* _Action item_: Repeat the records below exactly from the line containing "- 천재지변에 따른 결항의 경우 현지 체류비용은 개별부담입니다." to the line containing "- 将网卡收到的数据包转移到主机内存(NIC与驱动交互)", taking in both of those lines. Drop the pictures.

* _Data supplied_:

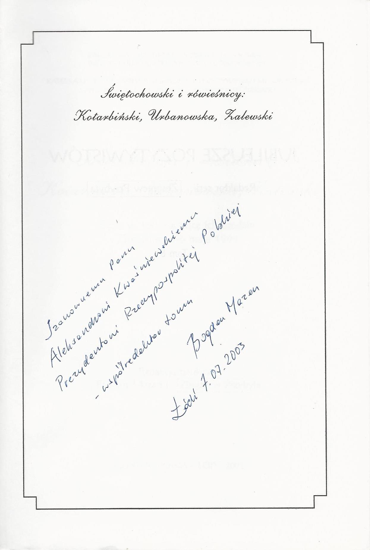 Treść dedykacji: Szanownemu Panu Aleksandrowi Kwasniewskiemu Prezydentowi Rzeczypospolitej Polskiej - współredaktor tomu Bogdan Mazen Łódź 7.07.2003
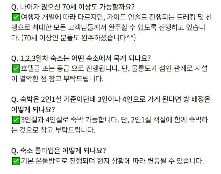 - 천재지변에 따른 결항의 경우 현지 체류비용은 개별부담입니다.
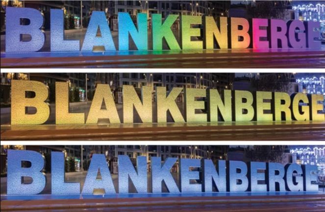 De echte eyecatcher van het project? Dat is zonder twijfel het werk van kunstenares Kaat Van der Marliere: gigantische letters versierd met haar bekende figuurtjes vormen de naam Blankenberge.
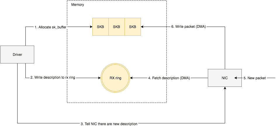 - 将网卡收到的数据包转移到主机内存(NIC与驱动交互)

...

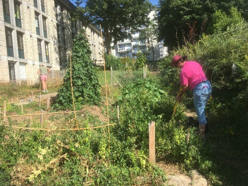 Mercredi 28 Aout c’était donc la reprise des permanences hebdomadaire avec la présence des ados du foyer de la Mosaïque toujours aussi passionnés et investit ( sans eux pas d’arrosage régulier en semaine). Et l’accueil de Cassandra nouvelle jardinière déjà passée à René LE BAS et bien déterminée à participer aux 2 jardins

* _Result_:
 - 천재지변에 따른 결항의 경우 현지 체류비용은 개별부담입니다.
 De echte eyecatcher van het project? Dat is zonder twijfel het werk van kunstenares Kaat Van der Marliere: gigantische letters versierd met haar bekende figuurtjes vormen de naam Blankenberge.
 - 将网卡收到的数据包转移到主机内存(NIC与驱动交互)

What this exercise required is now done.